Sources: An Introduction to Statistical Methods and Data Analysis.

Clusters

Groups of data points that appear closer together than the rest of the data in a dataset because they share similar characteristics or patterns. Clusters are often discussed alongside outliers, which are data points that differ substantially from the broader patterns in the data.

Codebook

A codebook describes the contents, structure, and layout of a data collection. Codebooks begin with basic front matter, including the study title, name of the principal investigator(s), table of contents, and an introduction describing the purpose and format of the codebook. Some codebooks also include methodological details, such as how weights were computed, and data collection instruments, while others, especially with larger or more complex data collections, leave those details for a separate user guide and/or data collection instrument.

Cohort

A group of people who share a characteristic, usually birth year. See also: cohort study.

Source: Cambridge Dictionary

Cohort study

Cohort studies chart the lives of groups of individuals who experience the same life events within a given time period.
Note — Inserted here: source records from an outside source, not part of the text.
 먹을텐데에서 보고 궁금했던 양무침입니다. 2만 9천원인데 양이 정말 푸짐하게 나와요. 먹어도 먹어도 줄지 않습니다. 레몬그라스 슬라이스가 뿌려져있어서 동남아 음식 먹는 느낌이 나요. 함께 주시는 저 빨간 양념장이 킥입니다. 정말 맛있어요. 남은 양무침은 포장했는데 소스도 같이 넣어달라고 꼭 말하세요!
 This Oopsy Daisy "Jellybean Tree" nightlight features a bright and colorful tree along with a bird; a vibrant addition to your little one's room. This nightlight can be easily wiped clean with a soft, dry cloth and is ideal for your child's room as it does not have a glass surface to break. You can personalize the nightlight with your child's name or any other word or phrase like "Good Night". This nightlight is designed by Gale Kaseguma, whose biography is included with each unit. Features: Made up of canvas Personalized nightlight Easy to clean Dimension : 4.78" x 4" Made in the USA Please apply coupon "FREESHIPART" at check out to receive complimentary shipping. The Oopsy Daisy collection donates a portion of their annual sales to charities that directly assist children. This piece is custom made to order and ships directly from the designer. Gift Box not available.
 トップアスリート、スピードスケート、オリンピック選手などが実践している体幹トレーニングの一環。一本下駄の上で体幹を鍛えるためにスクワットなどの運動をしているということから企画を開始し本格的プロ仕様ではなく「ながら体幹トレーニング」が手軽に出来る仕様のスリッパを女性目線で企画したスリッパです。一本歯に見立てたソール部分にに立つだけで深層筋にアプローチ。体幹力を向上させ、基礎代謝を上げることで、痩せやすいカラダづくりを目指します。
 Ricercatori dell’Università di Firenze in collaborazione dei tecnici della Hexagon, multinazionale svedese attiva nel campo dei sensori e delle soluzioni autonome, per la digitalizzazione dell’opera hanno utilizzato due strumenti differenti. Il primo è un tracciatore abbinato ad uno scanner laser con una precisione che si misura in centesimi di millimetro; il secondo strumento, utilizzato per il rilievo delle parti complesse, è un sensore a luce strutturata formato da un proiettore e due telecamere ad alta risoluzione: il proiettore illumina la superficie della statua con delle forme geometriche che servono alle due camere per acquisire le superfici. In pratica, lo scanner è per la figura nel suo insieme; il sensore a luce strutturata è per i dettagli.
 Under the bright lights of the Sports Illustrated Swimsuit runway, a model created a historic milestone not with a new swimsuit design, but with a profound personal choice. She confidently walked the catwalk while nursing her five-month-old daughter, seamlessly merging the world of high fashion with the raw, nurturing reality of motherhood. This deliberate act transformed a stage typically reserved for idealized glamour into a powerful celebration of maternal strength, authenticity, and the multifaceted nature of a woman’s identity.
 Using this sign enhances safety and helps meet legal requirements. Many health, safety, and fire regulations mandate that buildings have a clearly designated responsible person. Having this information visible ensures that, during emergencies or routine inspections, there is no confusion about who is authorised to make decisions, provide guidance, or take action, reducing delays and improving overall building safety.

Source: Closer Learning Hub

Commit

In version control, the action of recording a set of changes to your project’s history. When you commit, you are telling the version control system to record exactly what has changed since the last save, creating a permanent entry in the project’s changelog that you can return to at any time. (e.g., git commit).

Computational environment

Encompasses all the hardware, software, and network settings in which a computer program operates, including the operating system, CPU, and libraries.
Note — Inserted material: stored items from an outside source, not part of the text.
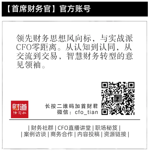 版权及免责声明:公众号内文章系【首席财务官】原创,未经授权,禁止转载!图片来源于网络!非原创或注明来源文章不代表本号观点,仅供参考。如有侵权,请联系删除。
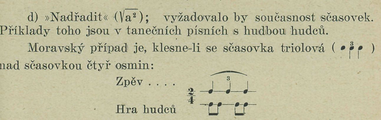 Nižší sčasovka je nadradenou, stálou; vyšší výminečnou! Jiný přiklad, když na natřesených tónech cymbała zdvihá se jiná sčasovka ve zpěvu.
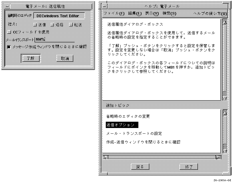 図 5-4はメール・アプリケーションの「送信属性」ダイアログ・ ボックスの概要についてのヘルプを示しています。 ダイアログ・ボックス内の各制御ボタン類(または1組のボタン類) に対応する追加トピックがリストアップされています。追加トピックは制御ボタン類のレイアウトの順番, つまりダイアログ・ボックス内の左から右, 上から下の順番でリストアップされています。
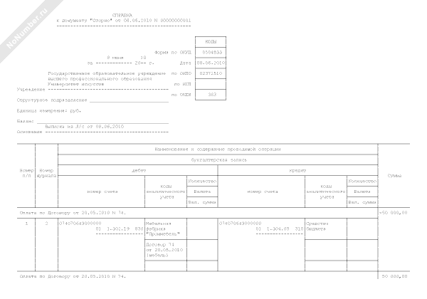Бухгалтерская справка бюджетного учреждения (рекомендуемый образец заполнения)
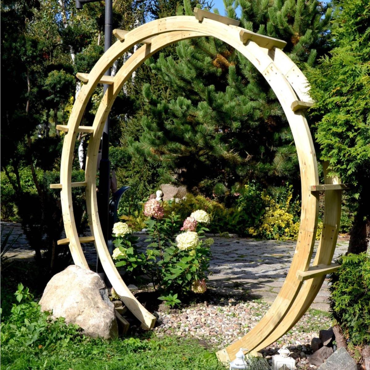 La pergola circulaire en bois Moongate, d'un diamètre XXL de 250 cm est une pièce d’aménagement extérieur exceptionnelle qui transforme instantanément l’atmosphère de votre jardin. Inspirée des portails traditionnels de jardins paysagers, sa forme ronde élégante apporte harmonie et caractère à tout espace extérieur.
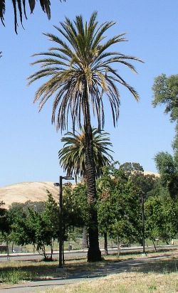 Location: 43500 Mission Blvd Park: Ohlone College Campus District: Mission San Jose Native to: Africa Tree type: palm Leaf retention: evergreen
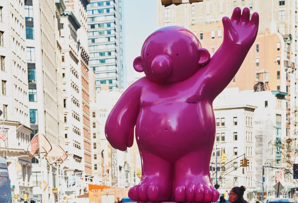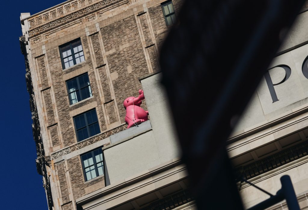 NEW YORK, NY – Today, the Flatiron NoMad Partnership introduces New Yorkers to the district’s newest creative resident: Mr. Pink, a public art trail of 10 illuminated inflatable and resin sculptures perched on rooftops and public spaces across the Flatiron and NoMad neighborhoods. The installations are brought to the city through the Partnership’s annual Winter Glow program that transforms the district into a vibrant public destination of immersive public art exhibits accessible for all to enjoy this winter season.
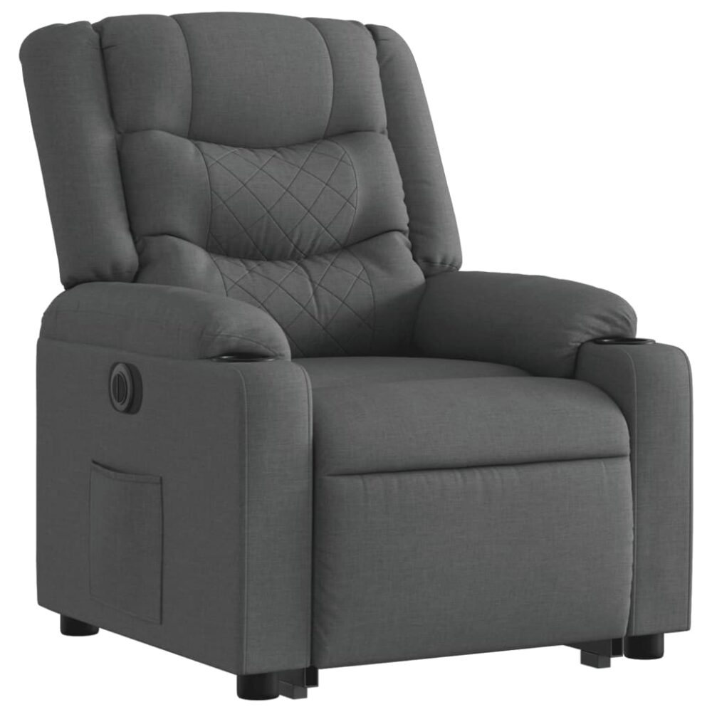 Sente-se e relaxe nesta poltrona reclinável elevatória elétrica altamente confortável! Função elevatória: a poltrona reclinável para idosos está equipada com um motor elétrico para a função de elevação. Graças à função que empurra toda a poltrona para cima, pode facilmente levantar-se sem criar desconforto às suas costas e joelhos com o simples premir de um botão.Função de reclinação elétrica: esta poltrona reclinável está também equipada com um motor elétrico que permite ajustar automaticamente o encosto e o apoio de pés para qualquer posição, de acordo com as suas necessidades de conforto, com um simples toque no botão existente na parte lateral. Este recurso permite uma inclinação máxima de 135 graus. Além disso, o encosto pode voltar para a posição original rápida e facilmente se premir o botão.Experiência de assento confortável: o assento e o encosto espessamente acolchoados e os apoios de braços largos cobertos com tecido proporcionam uma sensação acolhedora e aconchegante, fazendo-o sentir-se abraçado enquanto está sentado. O tecido apresenta um aspeto simples e liso, sendo também respirável e durável.Bolso lateral conveniente: esta poltrona possui um bolso lateral para que possa manter os seus artigos essenciais ao seu alcance.Estrutura sólida e estável: a estrutura feita de madeira e metal proporciona uma estrutura forte e estável. Esta poltrona reclinável é confortável e durável. Esteja ciente do risco de fogos abertos e outras fontes de calor forte nas proximidades do produto. Máximo de 110 kg por assento. Este aparelho pode ser utilizado por crianças a partir dos 8 anos de idade e por pessoas com capacidades físicas, sensoriais ou mentais reduzidas, ou com falta de experiência e conhecimentos, desde que tenham recebido supervisão ou instruções relativas à utilização do aparelho de forma segura e compreendam os perigos envolvidos. As crianças não devem brincar com o aparelho. A limpeza e a manutenção a serem efetuadas pelo utilizador não devem ser levadas a cabo por crianças sem supervisão.
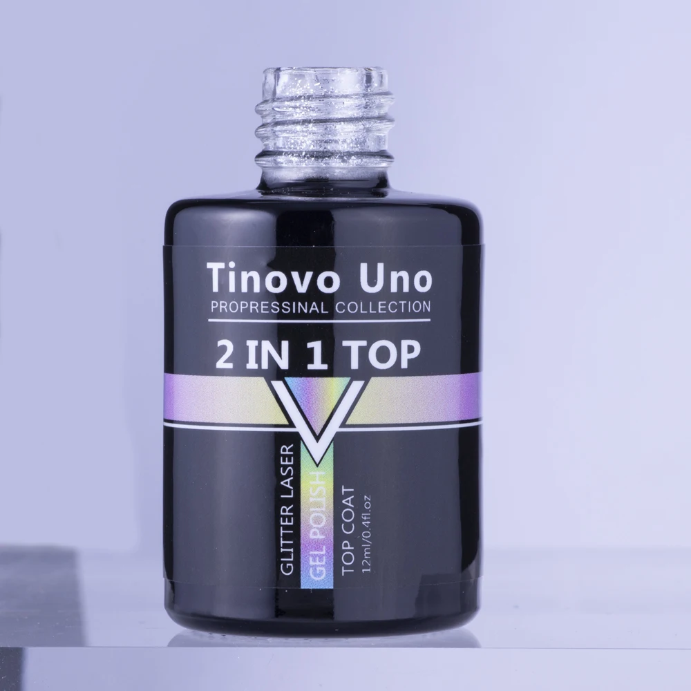 Tinovo Uno Glitter Top Coat Smalto per unghie gel UV 2 IN 1 12ML Super Shine Laser Toppcoat Manicure Vernis Finitura gel semipermanente

Computational social sciences (CSS)

An interdisciplinary field that uses mathematical algorithms, advanced data analysis, and computational modelling to investigate and predict human behaviour and social patterns.

Context engineering

The discipline of designing systems that deliver the precise, relevant information and tools a Large Language Model (LLM) needs at the right moment. It goes beyond static prompt engineering by dynamically selecting, organising, and inserting data such as retrieved documents, user history, or structured API results into the context window to enhance the AI agent’s reliability and effectiveness.

Context window

The amount of text a large language model can read and process at one time. Think of it as the model’s working memory, it can only consider what falls within this window when generating a response. Information outside the window is not visible to the model.

Control variables

A control variable is a variable that is included in an analysis in order to control or eliminate its influence on the variables of interest. For example, if we are looking at the relationship between having a university degree and smoking prevalence, we might need to consider the impact of age at the same time. Older generation respondents are more likely to smoke than a younger generation. If we control for age, we can see whether graduates are less likely to smoke than non-graduates once age has been accounted for.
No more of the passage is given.